:: Assignment ::
From the line that contains "- Multi-feature routing" to the final line of the records below, print each line exactly and leave every picture out.

Materials provided below:

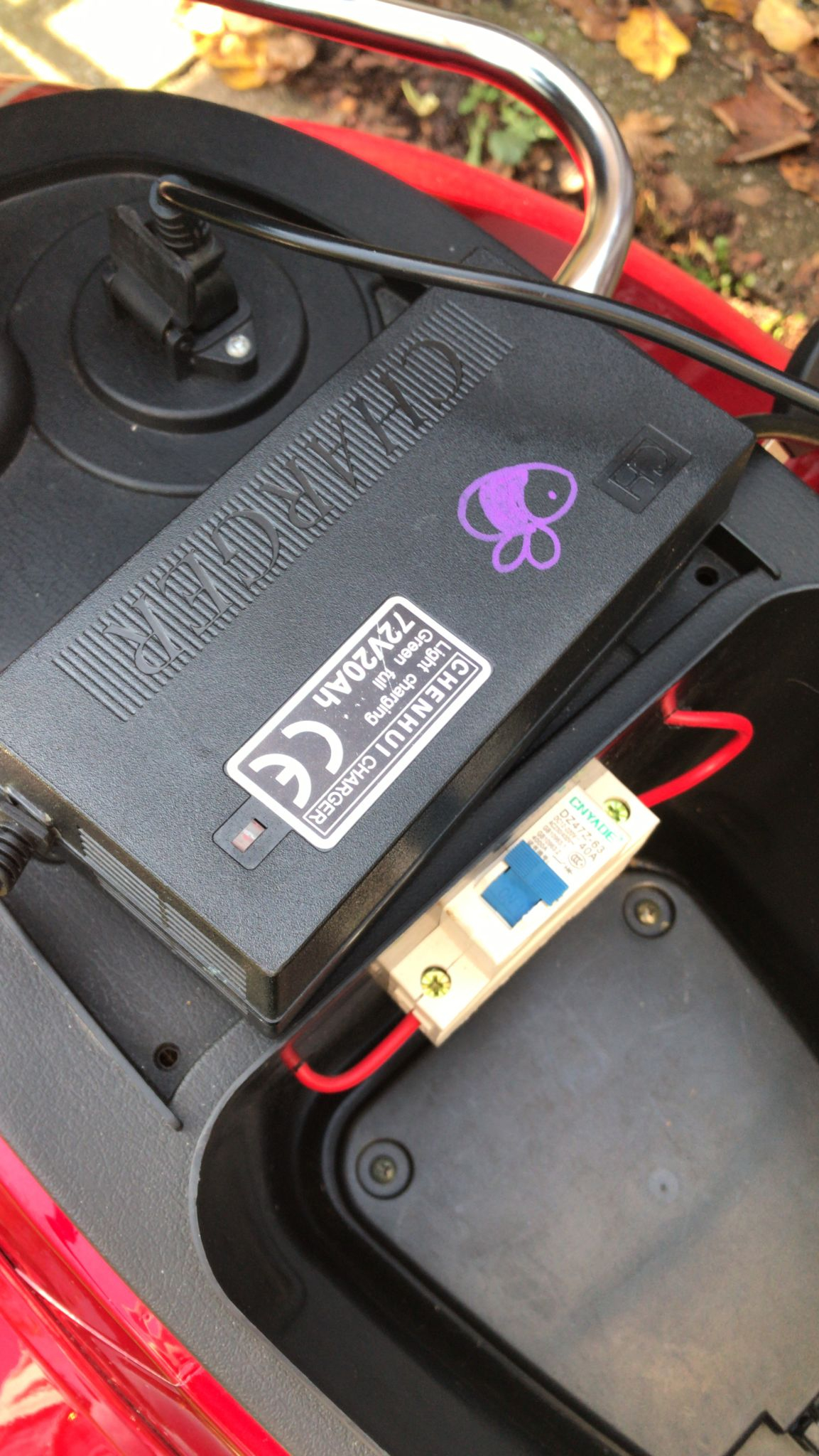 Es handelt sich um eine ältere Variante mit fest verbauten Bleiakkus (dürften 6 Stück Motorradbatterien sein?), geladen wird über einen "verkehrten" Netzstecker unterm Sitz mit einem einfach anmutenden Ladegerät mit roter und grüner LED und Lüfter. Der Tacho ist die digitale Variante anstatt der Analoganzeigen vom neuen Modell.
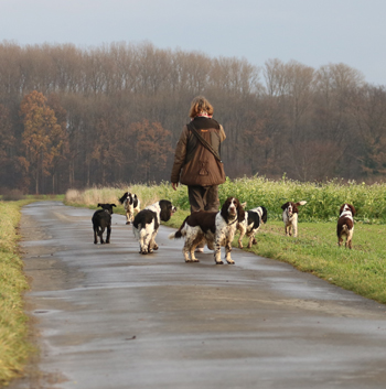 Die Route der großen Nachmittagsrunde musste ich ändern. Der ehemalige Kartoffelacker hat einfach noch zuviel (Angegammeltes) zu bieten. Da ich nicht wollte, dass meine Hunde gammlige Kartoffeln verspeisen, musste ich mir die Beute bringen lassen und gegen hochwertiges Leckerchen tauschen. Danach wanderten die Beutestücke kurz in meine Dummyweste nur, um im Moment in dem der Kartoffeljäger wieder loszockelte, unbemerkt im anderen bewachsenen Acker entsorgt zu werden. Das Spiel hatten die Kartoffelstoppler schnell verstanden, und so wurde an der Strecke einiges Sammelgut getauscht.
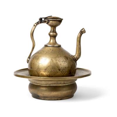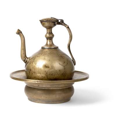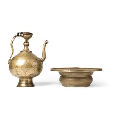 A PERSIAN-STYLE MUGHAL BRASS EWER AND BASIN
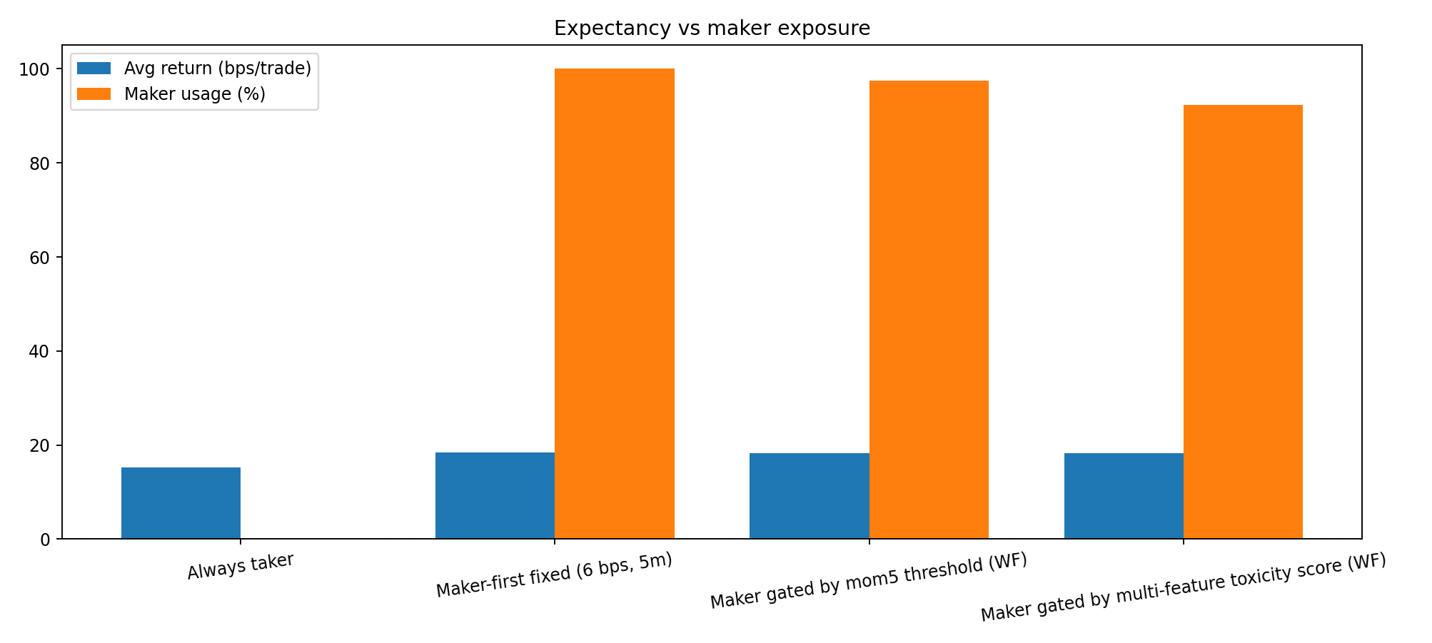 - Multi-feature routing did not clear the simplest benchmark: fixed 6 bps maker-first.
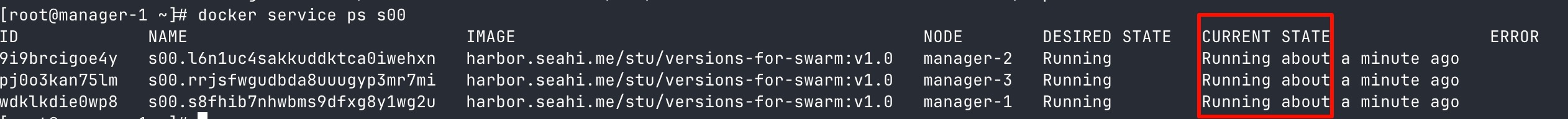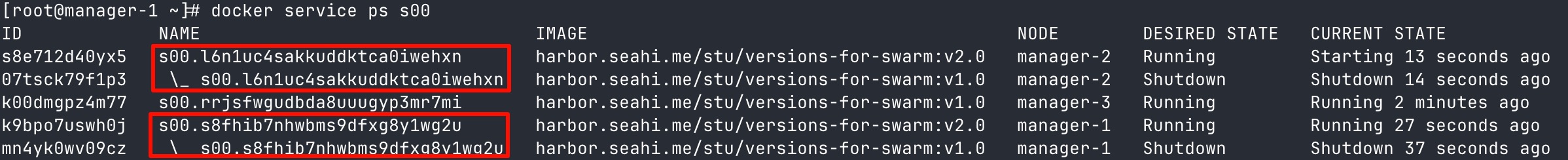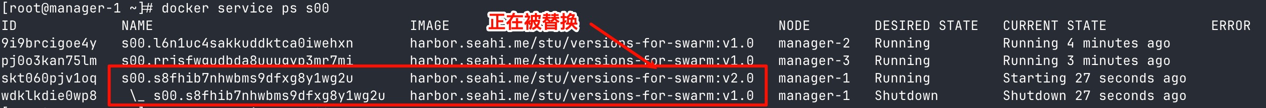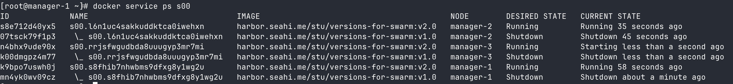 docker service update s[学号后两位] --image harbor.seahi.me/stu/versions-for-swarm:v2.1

End of Materials provided.

:: Solution to this problem ::
 - Multi-feature routing did not clear the simplest benchmark: fixed 6 bps maker-first.
 docker service update s[学号后两位] --image harbor.seahi.me/stu/versions-for-swarm:v2.1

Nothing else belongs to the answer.